You will see a ton of entries logged for every second, but usually it should be very easy to spot a user making a ton of subsequent requests. Issues happened in the past:

  • Too many getfileinfo RPCs sent (scanning directories with a ton of small files)
  • Too many small/temporary files created in a short burst (order of Millions)
  • etc..

Once the user that hammers the Namenode is identified, check in yarn.wikimedia.org if there is something running for the same user, and kill it asap if the user doesn't answer in few minutes. We don't care what the job is doing, the availability of the HDFS Namenode comes first :)

HDFS topology check

The HDFS Namenode has a view of the racking details of the HDFS Datanodes, and it uses it to establish how to best spread blocks and their replicas to get the best reliability and availability. The racking details are set in puppet's hiera, and if a Datanode is not added to it for any reason (new node, accidental changes, etc..) the Namenode will put it in the "default rack", that is not optimal.

A good follow up to this alarm is to:

1) SSH to an-master1001 (or if it is a different cluster, check where the Namenode run) and run sudo -u hdfs kerberos-run-command hdfs hdfs dfsadmin -printTopology and look for hosts in the default rack.

2) Check for new nodes in the Hadoop hiera config (hieradata/common.yaml in puppet).

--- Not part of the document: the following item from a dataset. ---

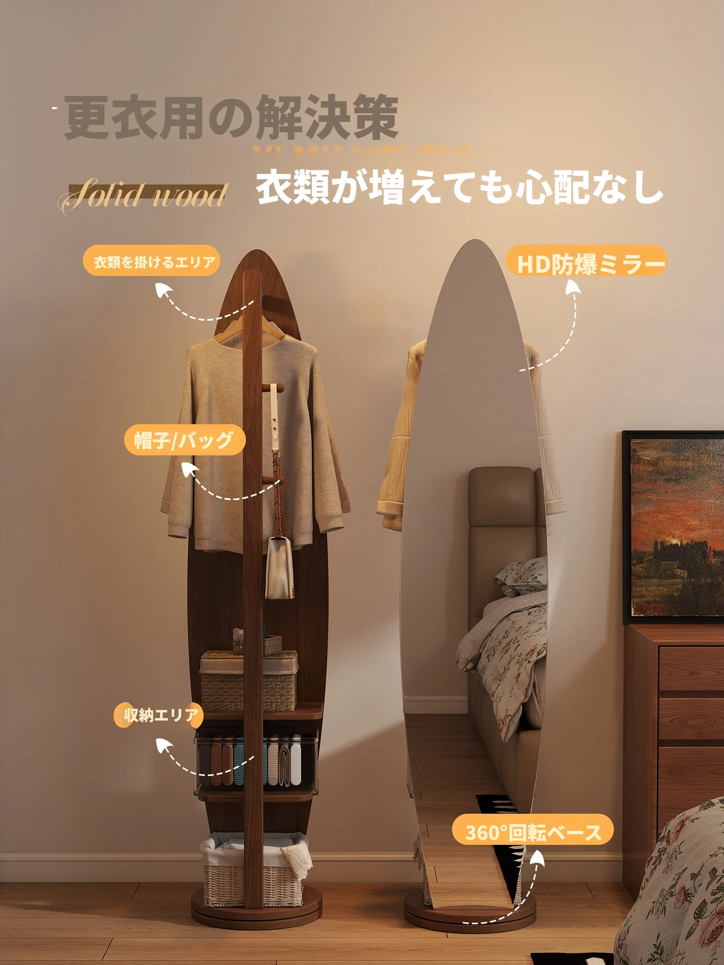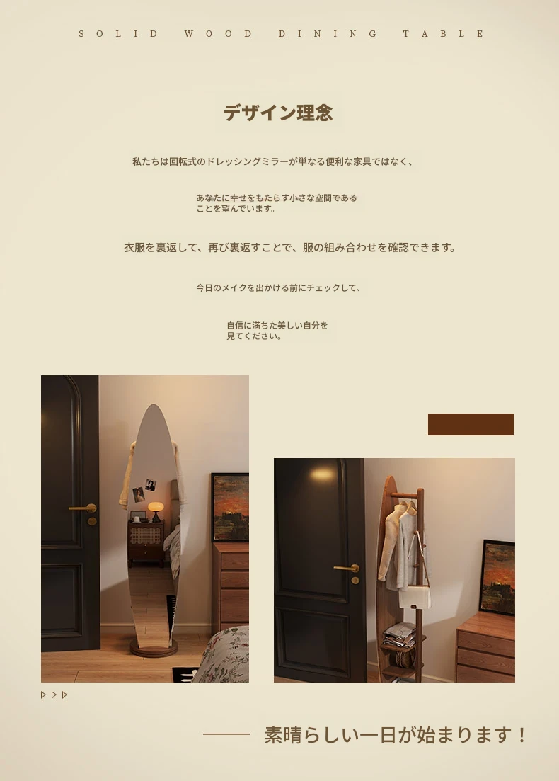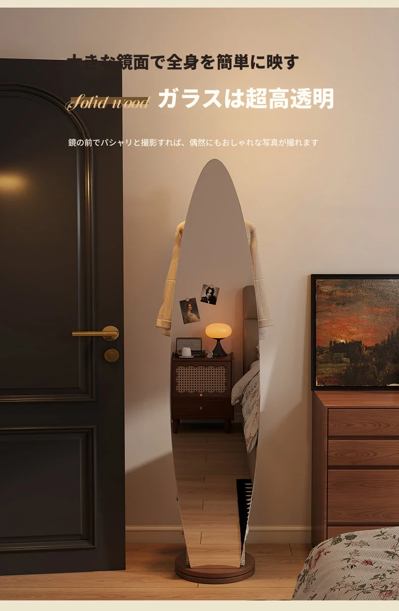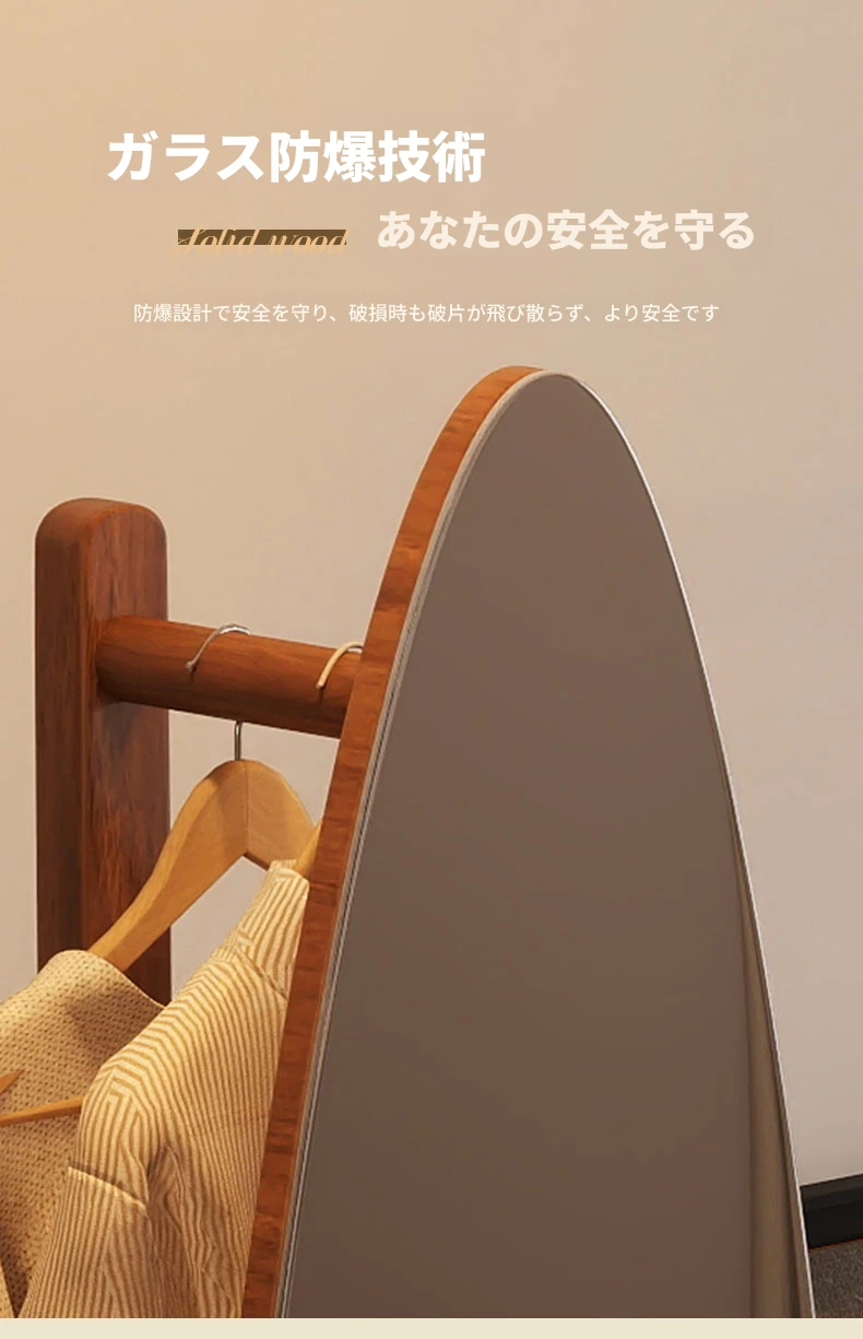 全身鏡スタンドミラー 家庭用寝室多機能試着鏡 回転式ハンガー付き一体型 全身コーディネートミラー

No active HDFS Namenode running

Normally there are two HDFS Namenode running, one active and one standby. If none of them are in active state, we get an alert since the Hadoop cluster cannot function properly.

A good follow up to this alarm is to ssh to the Namenode hosts (for example, an-master1001.eqiad.wmnet and an-master1002.eqiad.wmnet for the main cluster) and check /var/log/hadoop-hdfs . You should find a log file related to what's happening, and look for exceptions or errors.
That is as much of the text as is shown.